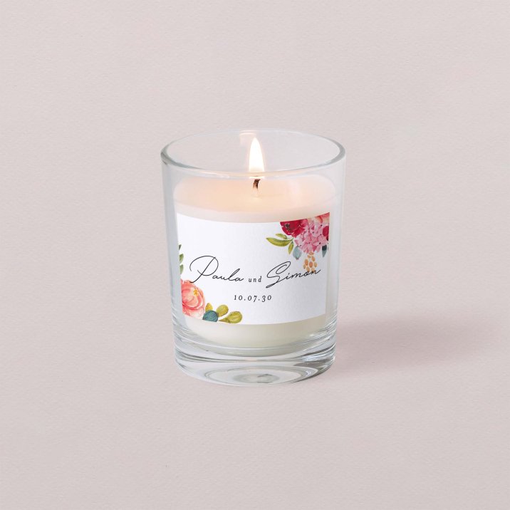 Mit ihrem zarten Duft ist diese kleine personalisierte Kerze ein perfektes Gastgeschenk und eine schönes Andenken an gemeinsam verbrachten Momente.
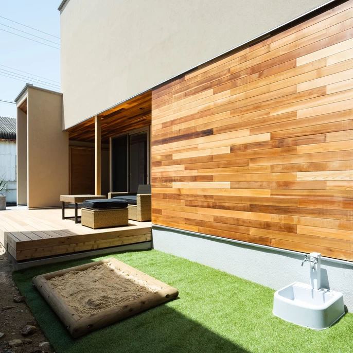 土間リビングから繋がるテラススペースやお庭を、セカンドリビングとして最高のひと時を過ごすことができます。お子様の遊び場にしたり、BBQ、ティータイムやランチを楽しんだりと様々な場面で活躍する空間となっています。
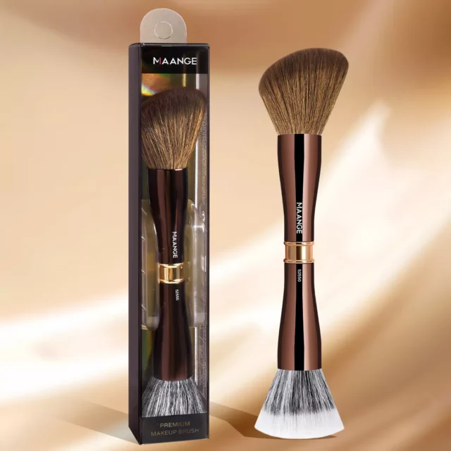 Dual-Ended Angled & Flat Top Makeup Brush for Contour, Blush & Sculpting
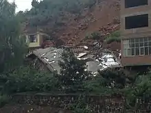 The 2014 Ludian earthquake struck Ludian County, Yunnan, China, with a moment magnitude of 6.1 on 3 August.[10] The earthquake killed at least 617 people, injuring at least 2,400 others.[11][12] As of 5 August 2014, 112 people remain missing.[13] Over 12,000 houses collapsed and 30,000 were damaged.[14] According to the United States Geological Survey, the earthquake occurred 29 km (18 mi) WSW of Zhaotong city at 16:30 local time (08:30 UTC).[15][16][17]
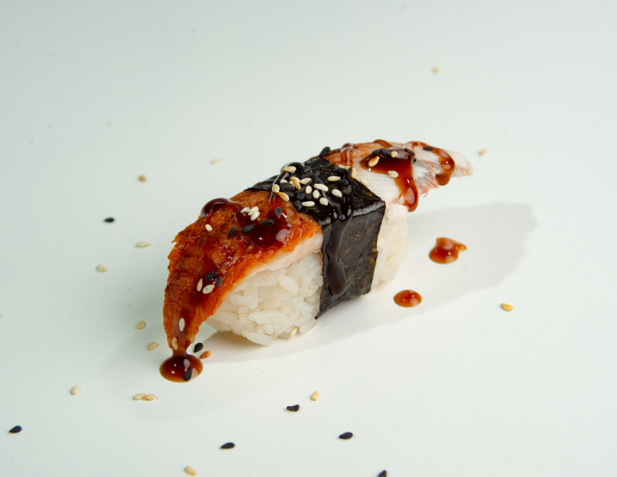 Рис, нори, угорь, соус унаги, кунжут

● ● ●

• What to produce
Excluding all pictures, reproduce the records exactly as they appear above.

• Exercise result
 Mit ihrem zarten Duft ist diese kleine personalisierte Kerze ein perfektes Gastgeschenk und eine schönes Andenken an gemeinsam verbrachten Momente.
 土間リビングから繋がるテラススペースやお庭を、セカンドリビングとして最高のひと時を過ごすことができます。お子様の遊び場にしたり、BBQ、ティータイムやランチを楽しんだりと様々な場面で活躍する空間となっています。
 Dual-Ended Angled & Flat Top Makeup Brush for Contour, Blush & Sculpting
 The 2014 Ludian earthquake struck Ludian County, Yunnan, China, with a moment magnitude of 6.1 on 3 August.[10] The earthquake killed at least 617 people, injuring at least 2,400 others.[11][12] As of 5 August 2014, 112 people remain missing.[13] Over 12,000 houses collapsed and 30,000 were damaged.[14] According to the United States Geological Survey, the earthquake occurred 29 km (18 mi) WSW of Zhaotong city at 16:30 local time (08:30 UTC).[15][16][17]
 Рис, нори, угорь, соус унаги, кунжут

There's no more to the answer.